TRY IT: Give back exactly the lines of the material below that start at the one holding "Tento nežný pozlátený" and end at the last line, minus the pictures.

DATA:
# # #
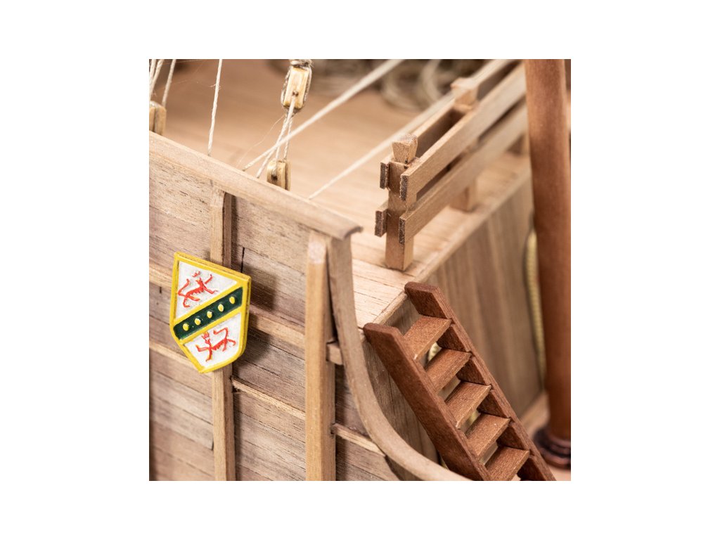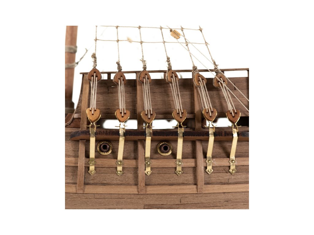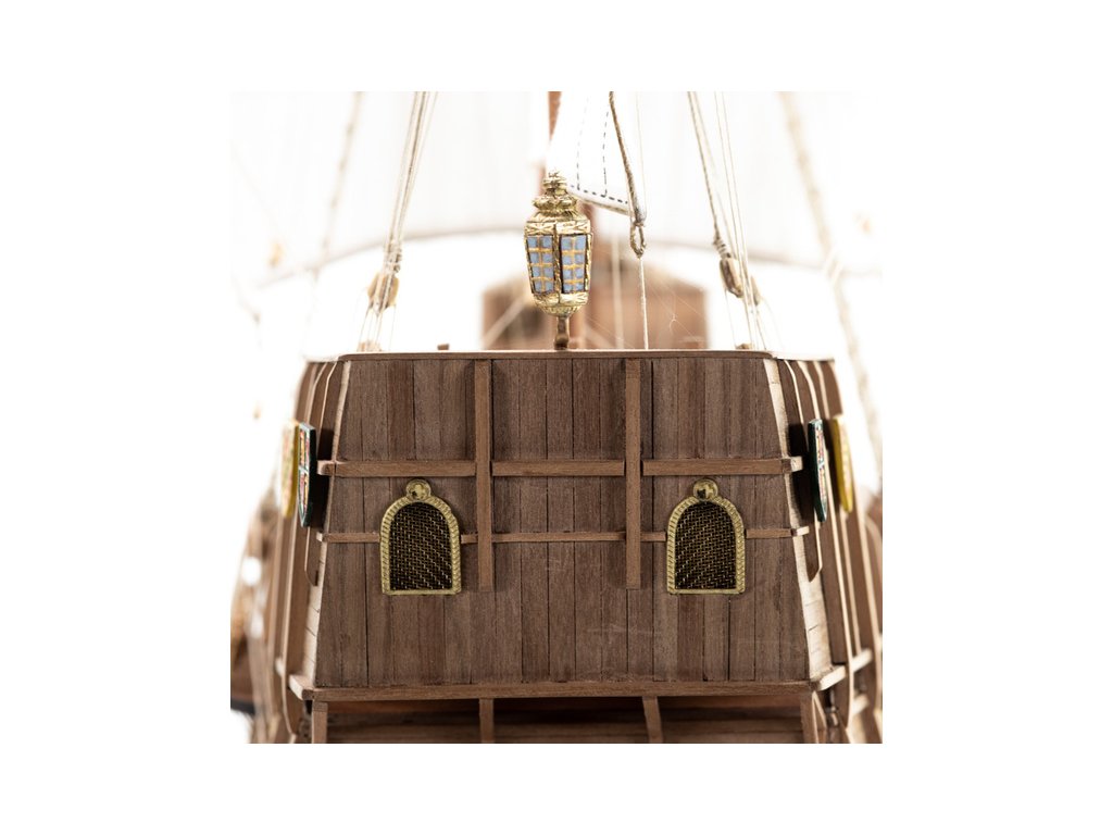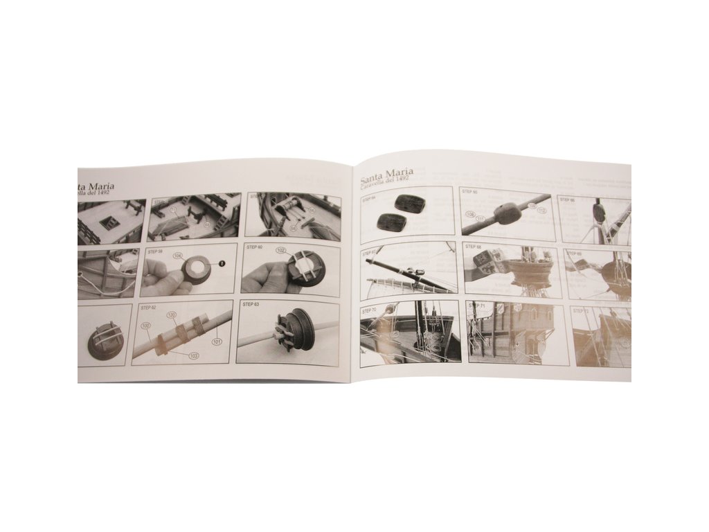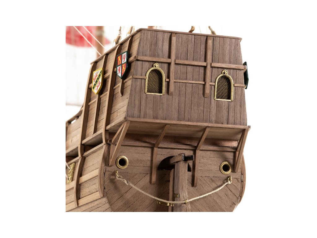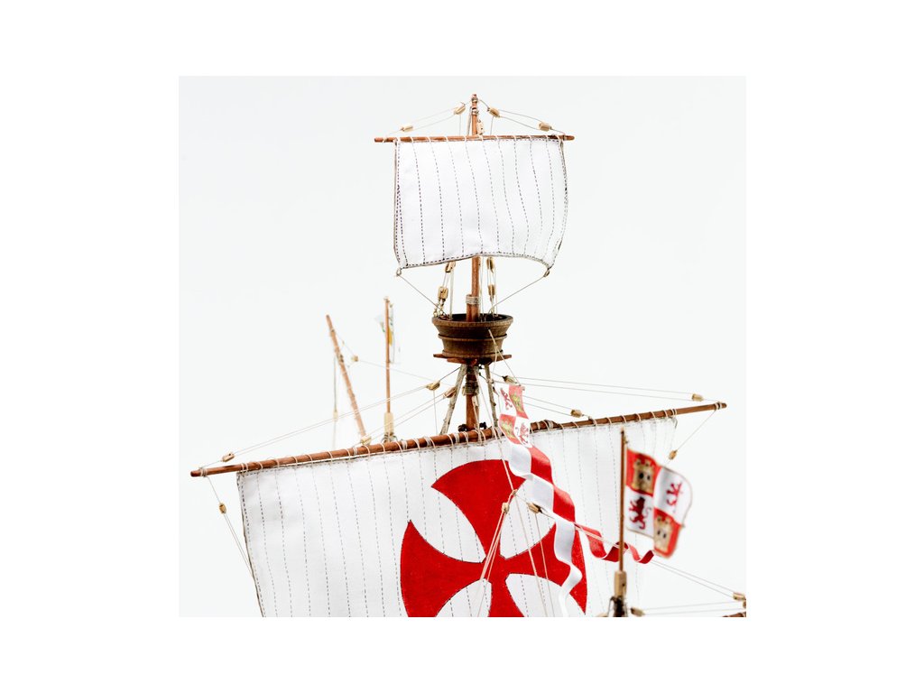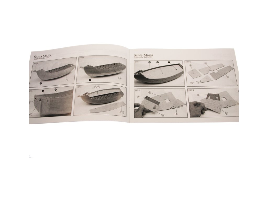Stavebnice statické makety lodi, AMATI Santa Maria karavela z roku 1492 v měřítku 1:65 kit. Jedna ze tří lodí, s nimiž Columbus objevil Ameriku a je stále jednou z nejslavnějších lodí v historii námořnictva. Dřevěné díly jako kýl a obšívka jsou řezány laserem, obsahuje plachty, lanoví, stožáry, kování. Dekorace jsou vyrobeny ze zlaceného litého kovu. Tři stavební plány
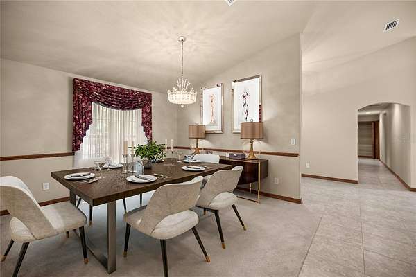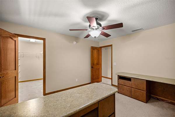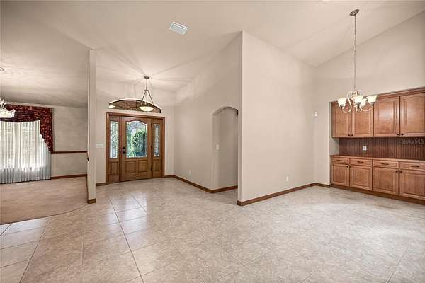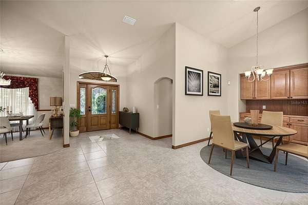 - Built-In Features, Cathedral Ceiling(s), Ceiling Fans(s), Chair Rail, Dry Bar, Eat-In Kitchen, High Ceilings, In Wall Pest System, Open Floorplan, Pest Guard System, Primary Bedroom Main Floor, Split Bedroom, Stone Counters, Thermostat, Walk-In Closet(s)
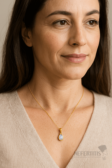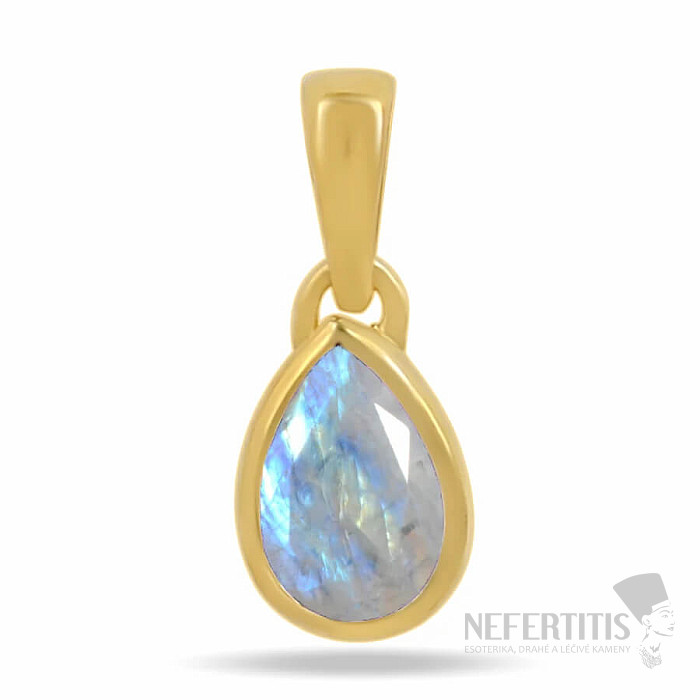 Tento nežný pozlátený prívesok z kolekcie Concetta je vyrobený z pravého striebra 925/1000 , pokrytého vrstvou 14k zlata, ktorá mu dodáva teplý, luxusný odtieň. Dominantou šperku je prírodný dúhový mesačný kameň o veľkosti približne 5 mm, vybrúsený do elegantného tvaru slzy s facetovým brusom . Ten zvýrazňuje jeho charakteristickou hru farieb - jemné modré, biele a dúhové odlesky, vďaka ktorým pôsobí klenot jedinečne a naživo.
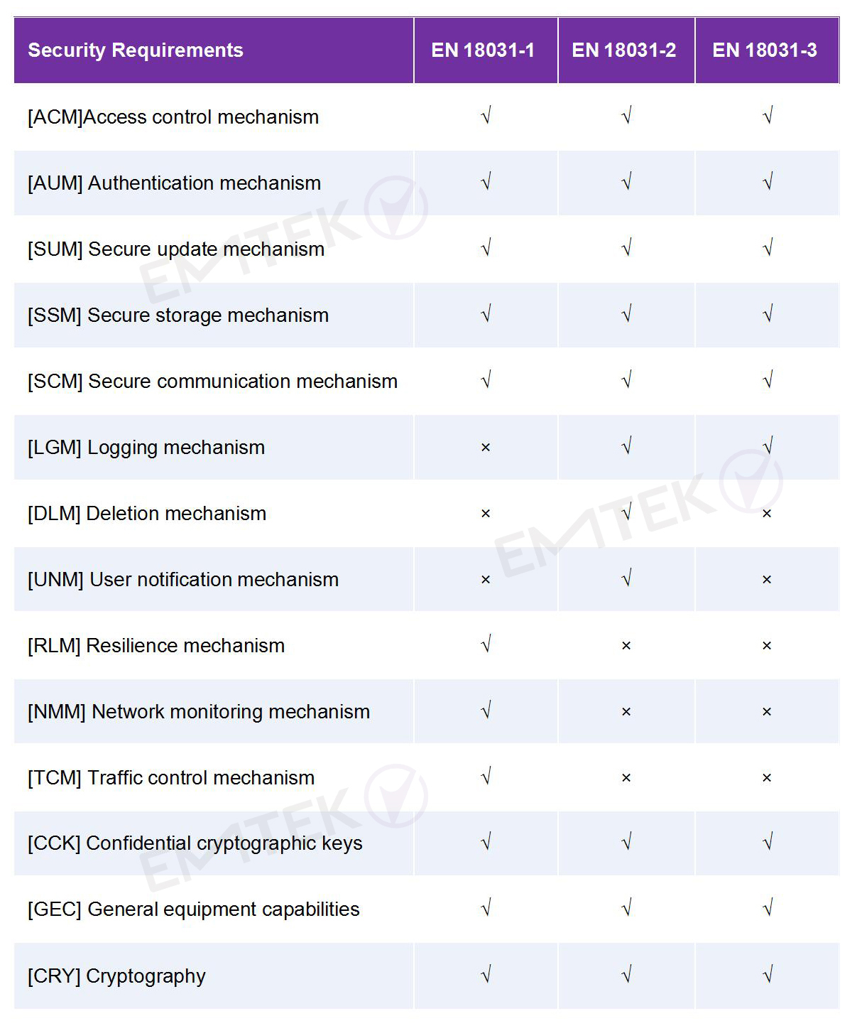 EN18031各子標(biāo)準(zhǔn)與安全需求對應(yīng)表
# # #
THE ANSWER:
 Tento nežný pozlátený prívesok z kolekcie Concetta je vyrobený z pravého striebra 925/1000 , pokrytého vrstvou 14k zlata, ktorá mu dodáva teplý, luxusný odtieň. Dominantou šperku je prírodný dúhový mesačný kameň o veľkosti približne 5 mm, vybrúsený do elegantného tvaru slzy s facetovým brusom . Ten zvýrazňuje jeho charakteristickou hru farieb - jemné modré, biele a dúhové odlesky, vďaka ktorým pôsobí klenot jedinečne a naživo.
 EN18031各子標(biāo)準(zhǔn)與安全需求對應(yīng)表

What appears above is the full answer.